Physiological Jaundice: This is the most common cause of jaundice in newborns, especially in the first week of life. It occurs due to the breakdown of red blood cells and the liver's immaturity to process bilirubin.

Breast Milk Jaundice: Some breastfed babies may develop jaundice due to substances in the breast milk that can increase bilirubin levels. This typically presents in the first or second week of life.
Hemolytic Disease of the Newborn (HDN): Although less common, HDN can cause significant jaundice due to the breakdown of red blood cells. It occurs when there is an incompatibility between the blood types of the mother and the baby.

Biliary Atresia: A serious condition where the bile ducts are blocked or absent, leading to severe jaundice. Early diagnosis is crucial for effective treatment.

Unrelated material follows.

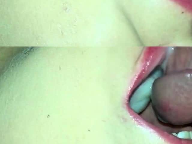 Of Cum In My Mouth! I Suck With Red Lipstick And He Cum In My Mouth And On Tongue Pov

Infections (e.g., Sepsis, Urinary Tract Infections): Infections can cause jaundice in newborns and are critical to diagnose promptly due to the risk of severe complications.

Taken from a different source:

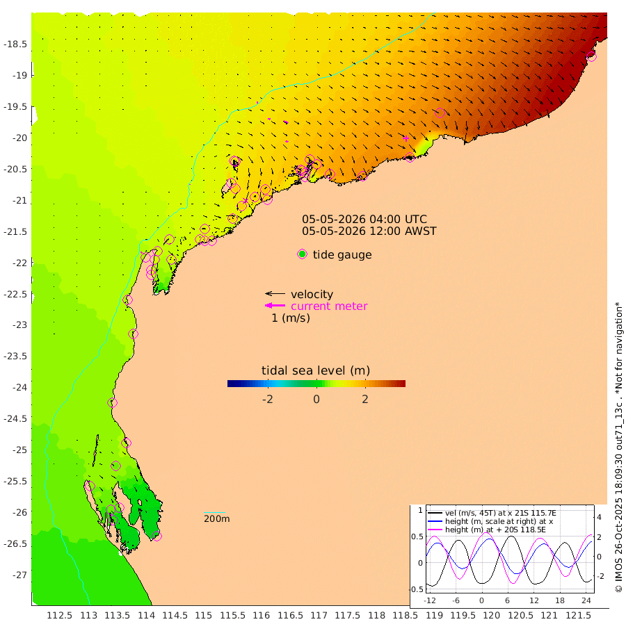 2cm/s -9T +12cm/s rms + 5cm/s -173T. NWSBAR 206m 5cm/s 39T +22cm/s rms + 10cm/s -148T. TAN100 109m 7cm/s 105T +11cm/s rms + 8cm/s -129T. PIL200 208m 10cm/s 110T +13cm/s rms + 7cm/s -137T. PIL100 105m 13cm/s 110T +12cm/s rms + 2cm/s -92T. PIL050 55m 5cm/s 42T +18cm/s rms + 4cm/s -149T. NRSNIN 61m 23cm/s 111T +6cm/s rms + 3cm/s 112T. NW Shelf M6 65m 47cm Withnell Point 39cm Denham 38cm Shark Bay (Inr Bn) 44cm Shark Bay 31cm Useless Loop -10cm Hamelin Pool 63cm Carnarvon 54cm Cape Cuvier 59cm Coral Bay 59cm Norwegian Bay 103cm Badjirrajirra 66cm Tantabiddi 84cm Point Murat 95cm Exmouth 101cm Learmonth 98cm Y Island 80cm North Muiron Island 94cm Roller 94cm Ashburton North 100cm Onslow (Beadon Creek) 98cm Thevenard Island 138cm Large Island 154cm North Sandy Island 125cm Barrow Island (Wapet Landing) 147cm Barrow Island (Tanker Mooring) 169cm Withnell Bay 119cm Trimouille Island 106cm North West Island 156cm Fortescue Road 160cm Steamboat Island 145cm Sholl Island 165cm Fairway Beacon 167cm Mawby Island 169cm Dampier (King Bay) 165cm Cape Legendre 173cm Hauy Island 202cm Port Walcott (Cape Lambert) 222cm Depuch Island 245cm Port Hedland 251cm Bedout Island 388cm Lagrange Bay

Galactosemia: A genetic disorder that affects the body's ability to metabolize galactose, a sugar found in milk. It can cause jaundice, among other symptoms, and requires early diagnosis for proper management.

Congenital Thyroid Disorders: Hypothyroidism can cause jaundice in newborns, although it is relatively rare.
Congenital Infections (e.g., TORCH Infections): Infections like toxoplasmosis, rubella, cytomegalovirus, and herpes simplex can cause jaundice, among other symptoms, in newborns.
Alpha-1 Antitrypsin Deficiency: A genetic disorder that can lead to liver disease and jaundice in infants.
Neonatal Liver Diseases (e.g., Neonatal Hepatitis): Various liver conditions can cause jaundice in newborns, though they are less common.